Esercizio dei propri diritti, ecco i tempi di prescrizione


Talvolta può capitare che, dopo anni di disinteresse a riscuotere il canone di locazione del magazzino lasciatoci in eredità dal nonno o ad ottenere dall’assicurazione il risarcimento per quel graffietto causato sulla portiera dell’auto, improvvisamente ci “svegliamo”, magari spinti dal consiglio dell’amico o del cugino più “furbo”, e chiediamo il nostro, sentendoci però rispondere di non potere fare più nulla perché il diritto è ormai prescritto, rimanendo così con un pugno di mosche in mano e l’amaro in bocca.
Ma cosa è la “prescrizione”? La prescrizione è l'estinzione di un diritto a causa del suo mancato esercizio entro il termine previsto dalla legge. Le regole sulla prescrizione vogliono “punire” in pratica chi non si attiva in tempo per tutelare i propri diritti, dando contemporaneamente certezza al diritto, sulla base della presunzione che chi avanza delle pretese dopo tanto tempo, probabilmente lo ha fatto perché in realtà ha ormai perduto l’interesse. Di regola il termine ordinario di prescrizione, cioè il tempo entro il quale un diritto deve essere esercitato, è di dieci anni dal giorno in cui il diritto stesso può esser fatto valere.
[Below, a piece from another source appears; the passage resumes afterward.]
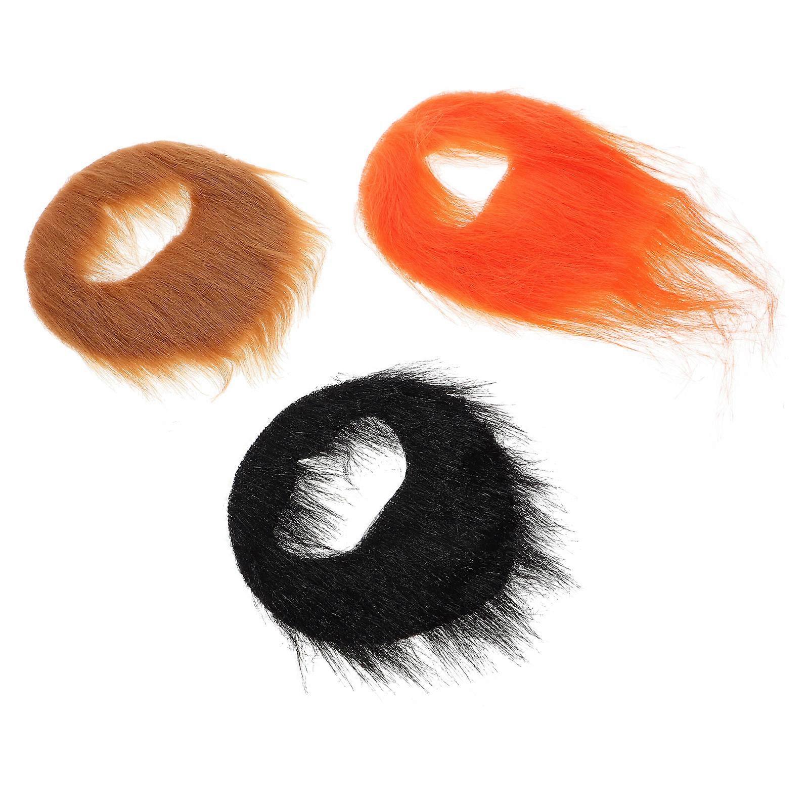 3Pcs Fake Mustache Set Realistic Design For Halloween Party Assorted Adhesive Polyester Facial Hair Simulation

Lo dice l’articolo 2946 del codice civile. Ma questa regola generale presenta diverse eccezioni, che riducono il termine di prescrizione. E così:
si prescrivono in cinque anni:
- il diritto a riscuotere gli interessi e tutto ciò che si paga periodicamente ogni anno;
- il diritto del proprietario a riscuotere le pigioni e i canoni di locazione degli immobili e di affitto;
- il diritto alle indennità spettanti al lavoratore alla fine del rapporto di lavoro (per esempio, la cosiddetta buonuscita);  
- i diritti che derivano dai rapporti sociali (come ad esempio il diritto dei soci di una società alla riscossione dei dividendi);
- il diritto ad ottenere il risarcimento provocato dal comportamento dannoso altrui.
si prescrivono in tre anni:
- il diritto del lavoratore alla retribuzione per periodi superiori al mese;
- il diritto del professionista (medico, avvocato, notaio, commercialista, architetto, ingegnere…) al compenso per l’opera prestata alla clientela.
si prescrive in due anni:
- il diritto del danneggiato ad ottenere il risarcimento del danno subito in un incidente stradale.
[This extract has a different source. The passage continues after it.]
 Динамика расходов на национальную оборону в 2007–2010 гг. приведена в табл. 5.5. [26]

si prescrivono in un anno:
- il diritto del mediatore alla sua provvigione;
- il diritto dell’assicuratore a riscuotere il premio dalla clientela;
- il diritto del lavoratore alle retribuzioni per periodi non superiori al mese;
- il diritto del commerciante per il prezzo delle merci vendute ai consumatori;
- il diritto dell’utente verso chi esercita pubblici servizi di linea (bus, pullman…);
- i diritti derivanti dai contratti di spedizione e trasporto.
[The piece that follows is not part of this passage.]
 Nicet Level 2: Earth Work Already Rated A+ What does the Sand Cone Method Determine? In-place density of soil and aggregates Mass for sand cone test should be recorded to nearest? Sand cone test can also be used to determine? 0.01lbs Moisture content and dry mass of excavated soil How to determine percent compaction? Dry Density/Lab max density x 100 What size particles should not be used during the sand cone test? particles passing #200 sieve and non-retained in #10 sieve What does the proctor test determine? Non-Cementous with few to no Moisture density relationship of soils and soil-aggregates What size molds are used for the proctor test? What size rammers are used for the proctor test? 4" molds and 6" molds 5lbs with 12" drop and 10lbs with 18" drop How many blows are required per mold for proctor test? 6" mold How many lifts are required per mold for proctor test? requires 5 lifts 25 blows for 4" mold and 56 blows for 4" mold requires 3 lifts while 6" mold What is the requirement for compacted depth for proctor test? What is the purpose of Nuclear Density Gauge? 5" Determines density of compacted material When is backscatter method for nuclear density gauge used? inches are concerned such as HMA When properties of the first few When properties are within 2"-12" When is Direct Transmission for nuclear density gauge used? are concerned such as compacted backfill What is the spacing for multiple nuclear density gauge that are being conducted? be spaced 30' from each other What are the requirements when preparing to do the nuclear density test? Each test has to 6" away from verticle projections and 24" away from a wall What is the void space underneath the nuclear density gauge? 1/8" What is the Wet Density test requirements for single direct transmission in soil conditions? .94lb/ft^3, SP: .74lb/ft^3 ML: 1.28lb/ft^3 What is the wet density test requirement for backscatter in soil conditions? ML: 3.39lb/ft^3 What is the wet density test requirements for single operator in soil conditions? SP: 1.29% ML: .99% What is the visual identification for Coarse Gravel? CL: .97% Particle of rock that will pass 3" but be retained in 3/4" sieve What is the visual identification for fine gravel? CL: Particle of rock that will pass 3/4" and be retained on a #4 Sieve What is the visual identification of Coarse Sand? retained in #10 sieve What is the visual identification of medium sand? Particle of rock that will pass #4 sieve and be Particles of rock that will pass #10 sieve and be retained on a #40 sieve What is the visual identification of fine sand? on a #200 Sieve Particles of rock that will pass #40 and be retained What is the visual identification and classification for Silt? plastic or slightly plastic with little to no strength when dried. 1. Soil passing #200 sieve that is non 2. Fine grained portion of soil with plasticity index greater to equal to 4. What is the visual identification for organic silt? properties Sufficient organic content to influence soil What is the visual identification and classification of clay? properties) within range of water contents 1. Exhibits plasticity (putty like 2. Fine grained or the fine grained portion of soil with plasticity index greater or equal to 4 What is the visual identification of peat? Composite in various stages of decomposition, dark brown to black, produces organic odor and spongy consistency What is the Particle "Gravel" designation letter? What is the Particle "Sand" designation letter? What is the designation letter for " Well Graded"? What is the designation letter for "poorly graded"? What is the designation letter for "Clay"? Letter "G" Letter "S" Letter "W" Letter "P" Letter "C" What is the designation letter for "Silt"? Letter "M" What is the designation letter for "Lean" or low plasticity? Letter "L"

si prescrivono in sei mesi:
- il diritto dell’albergatore al pagamento di vitto ed alloggio da parte della clientela.
Dalla prescrizione bisogna distinguere però la “decadenza”. Se la prescrizione, come abbiamo visto, determina l'estinzione di un diritto per il suo mancato esercizio entro il termine previsto dalla legge, la decadenza è il termine entro il quale il soggetto interessato deve compiere una certa attività, pena non poterlo fare più. Così, ad esempio, l'articolo 1495 del codice civile stabilisce che l’acquirente decade dalla garanzia (cioè la perde) se non denuncia i vizi della cosa comprata al venditore entro otto giorni dalla loro scoperta. Le leggi prevedono varie ipotesi di decadenza, che per brevità e per non annoiare i lettori si omettono qui dall’indicare.
In ogni caso è importante conoscere bene i termini di prescrizione (e di decadenza), per evitare che il rimanere fermi per tantissimi anni, aspettando chissà cosa, comporti la perdita definitiva dei propri diritti (o la possibilità di poterli esercitare in pieno), solo a causa della nostra incuria e del nostro menefreghismo. E state certi di una cosa: di fronte a tutto questo disinteresse ci sarà sempre qualcuno pronto ad approfittarne a nostro danno.       
Pubblicato su Il Mercatino - maggio 2011.